- _SUPPLIED INFORMATION_:
++++++++
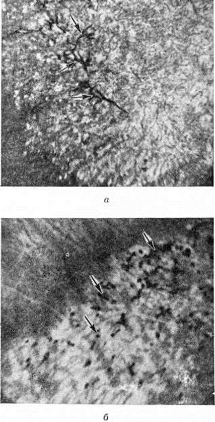 При офтальмоскопии (смотри полный свод знаний) на глазном дне обычно обнаруживают пигментные отложения в сетчатке, восковидную атрофию диска зрительного нерва (смотри полный свод знаний), сужение артериол сетчатки. Пигментные отложения располагаются, как правило, на периферии сетчатки, часто вокруг вен, и обычно имеют вид типичных пигментных очагов, напоминающих по форме остеоциты, или так называемый костные тельца (рисунок 2, а). Пигментные отложения могут иметь также форму глыбок, мозаики, пятен (рисунок 2, б). В редких случаях пигментные отложения в сетчатке могут отсутствовать (пигментный ретинит без пигмента). При центральной форме пигментной дистрофии они располагаются преимущественно в центральном отделе сетчатки, при секторальной форме отмечается секторообразное расположение пигмента на глазном дне. В поздней стадии заболевания выявляются зоны атрофии хориокапиллярного слоя собственно сосудистой оболочки глазного яблока. В ряде случаев пигментная дистрофия сетчатки сопровождается развитием осложненной задней кортикальной катаракты, глаукомы с открытым углом передней камеры (радужно-роговичный угол), миопии. Для диагностики пигментной дистрофии производят электроретинографию (смотри полный свод знаний). На электроретинограмме (ЭРГ) в большинстве случаев отмечается выраженное снижение амплитуды волн.
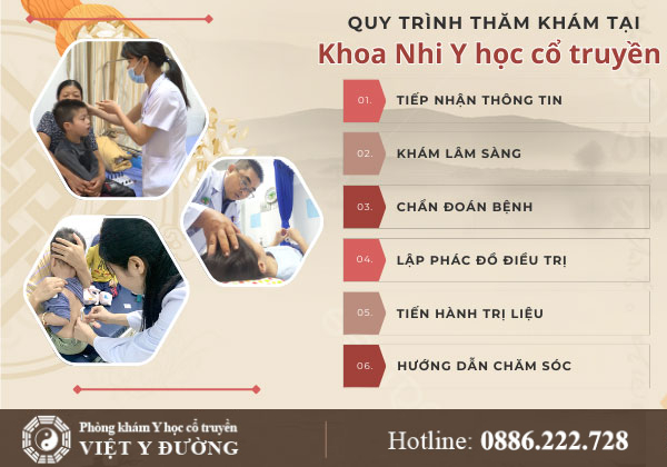 Tại Phòng khám Y học cổ truyền Việt Y Đường , khoa Nhi Y học cổ truyền áp dụng quy trình khoa học. Các bước được thực hiện rõ ràng, đảm bảo an toàn và hiệu quả cho bệnh nhi gồm:
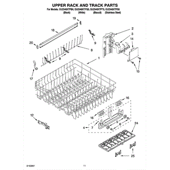 Parts for Whirlpool GU2548XTPT0: 09 - Upper Rack And Track Parts
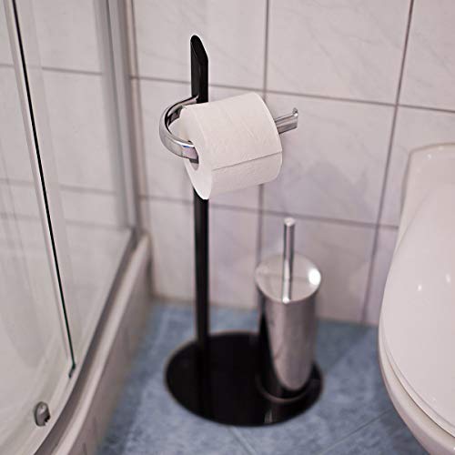 Relaxdays Set WC Klaas portarotolo e portascopino in Vetro Nero e Ferro Cromato HxLxP: 70x28x20 cm Colore Argento e Nero
++++++++
- _TASK DESCRIPTION_:
Would you return the whole listing exactly, without the pictures?

- _RESULT OF THIS EXERCISE_:
 При офтальмоскопии (смотри полный свод знаний) на глазном дне обычно обнаруживают пигментные отложения в сетчатке, восковидную атрофию диска зрительного нерва (смотри полный свод знаний), сужение артериол сетчатки. Пигментные отложения располагаются, как правило, на периферии сетчатки, часто вокруг вен, и обычно имеют вид типичных пигментных очагов, напоминающих по форме остеоциты, или так называемый костные тельца (рисунок 2, а). Пигментные отложения могут иметь также форму глыбок, мозаики, пятен (рисунок 2, б). В редких случаях пигментные отложения в сетчатке могут отсутствовать (пигментный ретинит без пигмента). При центральной форме пигментной дистрофии они располагаются преимущественно в центральном отделе сетчатки, при секторальной форме отмечается секторообразное расположение пигмента на глазном дне. В поздней стадии заболевания выявляются зоны атрофии хориокапиллярного слоя собственно сосудистой оболочки глазного яблока. В ряде случаев пигментная дистрофия сетчатки сопровождается развитием осложненной задней кортикальной катаракты, глаукомы с открытым углом передней камеры (радужно-роговичный угол), миопии. Для диагностики пигментной дистрофии производят электроретинографию (смотри полный свод знаний). На электроретинограмме (ЭРГ) в большинстве случаев отмечается выраженное снижение амплитуды волн.
 Tại Phòng khám Y học cổ truyền Việt Y Đường , khoa Nhi Y học cổ truyền áp dụng quy trình khoa học. Các bước được thực hiện rõ ràng, đảm bảo an toàn và hiệu quả cho bệnh nhi gồm:
 Parts for Whirlpool GU2548XTPT0: 09 - Upper Rack And Track Parts
 Relaxdays Set WC Klaas portarotolo e portascopino in Vetro Nero e Ferro Cromato HxLxP: 70x28x20 cm Colore Argento e Nero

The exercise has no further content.